Это усилило в нем стремление жить. Стоя в маске над толпой, Исс произнес приговор:

— Маскилл Бойс, владетель Желанных Земель и Стайской переправы, ты признан виновным в государственной измене, и посему я приговариваю тебя к смерти от меча. Да помилует тебя Единый Истинный Бог.

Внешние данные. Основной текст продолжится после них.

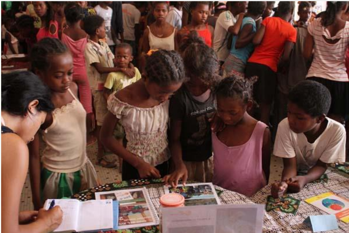
Activités sur l'Environnement Marin au sein du Cinéma Tropic
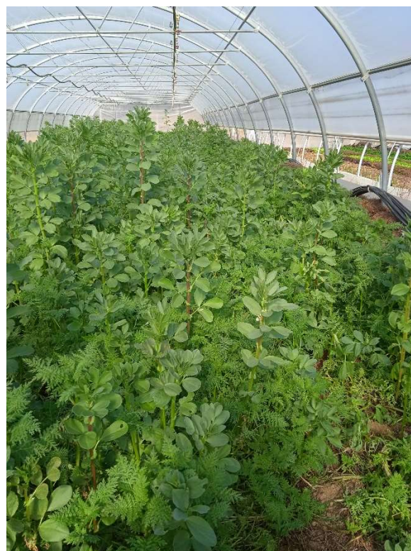
Photos prises le 17/02/23 : le radis et la phacélie sont très couvrants au sol, tandis que la féverole dépasse les 1m de hauteur

Mathieu est satisfait des deux couverts, de par leur bonne couverture et la grande production de biomasse. Il précise toutefois que ces couverts ont permis aux campagnols de se développer pendant l'hiver, ce sur quoi il faudrait être plus vigilant les saisons prochaines.

Толпа возликовала. Священники на галерее творили знак искупления. Женщина на одном из балконов Суда Четырех упала в обморок — жена Бойса, по всей вероятности. Сам Бойс, обретя наконец достоинство, стоял молча и неподвижно. Исс ни с того ни с сего вспомнил, что у барона есть два маленьких сына. К несчастью для мальчиков, их отец не умел держать язык за зубами.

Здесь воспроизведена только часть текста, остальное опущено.